In the 1970s, WPAT began integrating some current soft vocals from artists including The Carpenters, Neil Diamond, Dionne Warwick and Barbra Steisand. WPAT-AM-FM included one vocal in each 15-minute music sweep. In 1982, the stations began playing soft adult contemporary songs mixed into the format a few times an hour and cut back on pop standards artists and songs.

===Park Communications and Heftel Broadcasting===
In 1985, Capital Cities announced that it would buy the American Broadcasting Company (ABC), including its television and radio stations. As a result of FCC regulations at the time, the company decided to sell WPAT-AM-FM because ABC already owned WABC and WPLJ in New York City. The WPAT stations would be sold to Park Communications. By the early 1990s both frequencies of WPAT all but eliminated the instrumentals and went full time with a soft AC vocal format.

In January 1996, the two stations were sold to separate owners. WPAT-FM was acquired by Spanish Broadcasting System (SBS) and switched to a Spanish-language adult contemporary format. WPAT AM was sold to Heftel Broadcasting.

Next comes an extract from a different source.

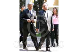 MEXICO, D.F. 04ABRIL2005.- Andres Manuel López Obrador, jefe de gobierno de la ciudad de México y el nuncio apostolico Giuseppe Bertello, a su salida de la Nunciatura Apostólica, donde firmaron el libro de condolencias por el fallecimiento del Papa Juan Pablo II. FOTO: Sandra Perdomo/CUARTOSCURO.COM

It switched to a Spanish-language automated classic salsa music and tropical music format on March 26. Heftel had sought to buy WPAT-FM as well, but was narrowly outbid by SBS. Heftel bought WPAT with plans to sell it to Multicultural Broadcasting, which would help it to buy an FM station. The company's plans were to not change formats to Spanish music for the long term but to broker the station in advance of its eventual sale.

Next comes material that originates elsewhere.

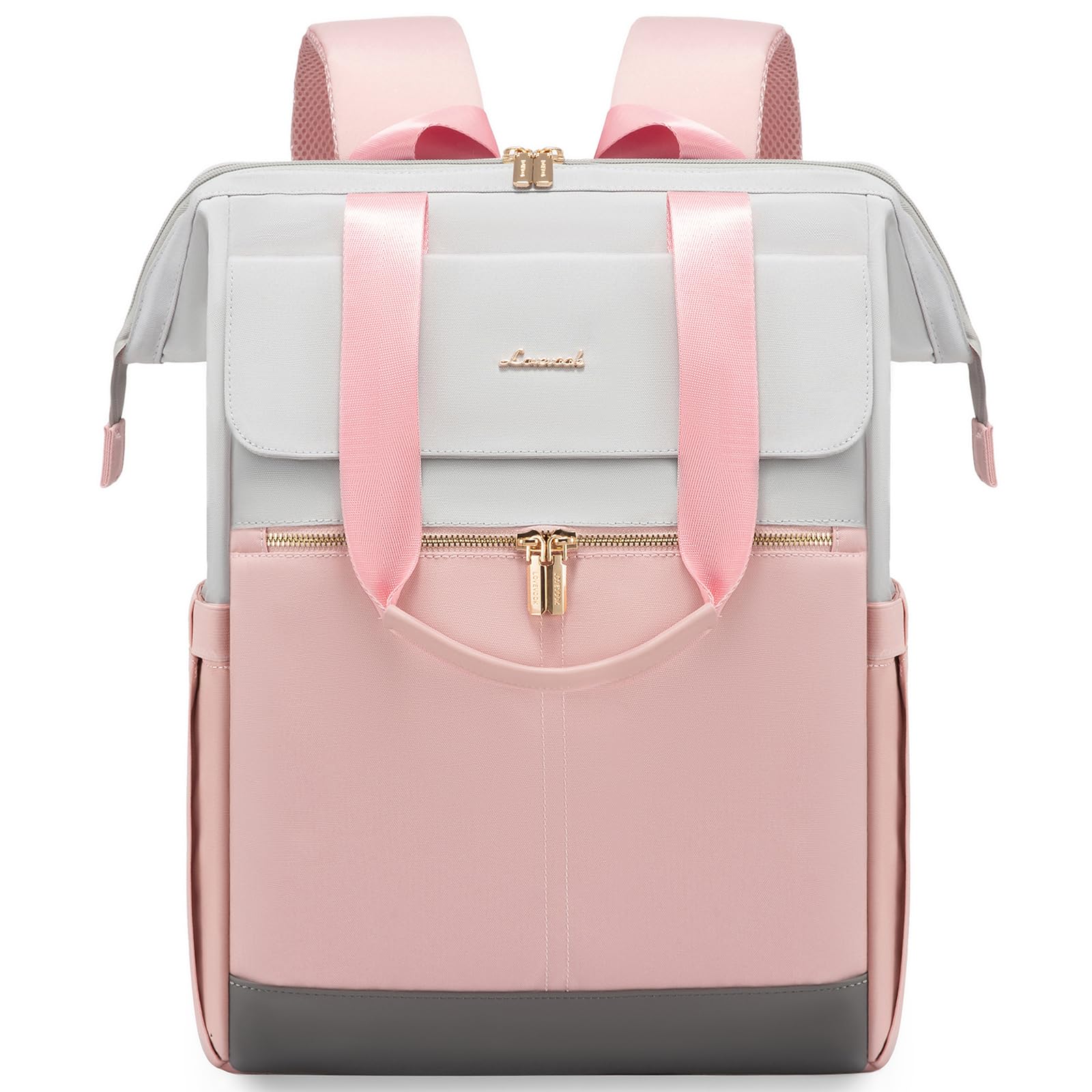 LOVEVOOK Laptop Schulrucksack Teenager, Damen Rucksack Modern, Schultasche Backpack Women Elegant Tagesrucksäcke Handtasche 2 in 1, 15,6 Zoll für Uni Büro Arbeit, Hellgrau & Rosa

Weeks later, the station started adding paid programming, mostly aimed at ethnic listeners in their language. The station continued running overflow sports events from WFAN in English as well as English-language public affairs programming. In January 1997, the station began brokering 18 hours a day to Radio Korea. The station kept Spanish-language programming a few hours a day, in addition to the English-language sports and public affairs programs. This was done with intent of selling the station.

===Multicultural Broadcasting===
By the next year, the station's ownership finally changed when Multicultural Broadcasting bought the station in exchange for WNWK (105.9 FM). In addition, Multicultural was paid some cash for WNWK as well. (WNWK subsequently became WCAA, then in 2009 switched frequencies with WQXR-FM, creating the eventual WXNY-FM 96.3).

Multicultural modified WPAT's format to full-time paid ethnic programming. That included moving Radio Korea's programming to WZRC. Currently WPAT is the New York home for the syndicated radio show "La W", from Colombia in South America. It is heard every weekday morning, featuring personality Julio Sánchez Cristo.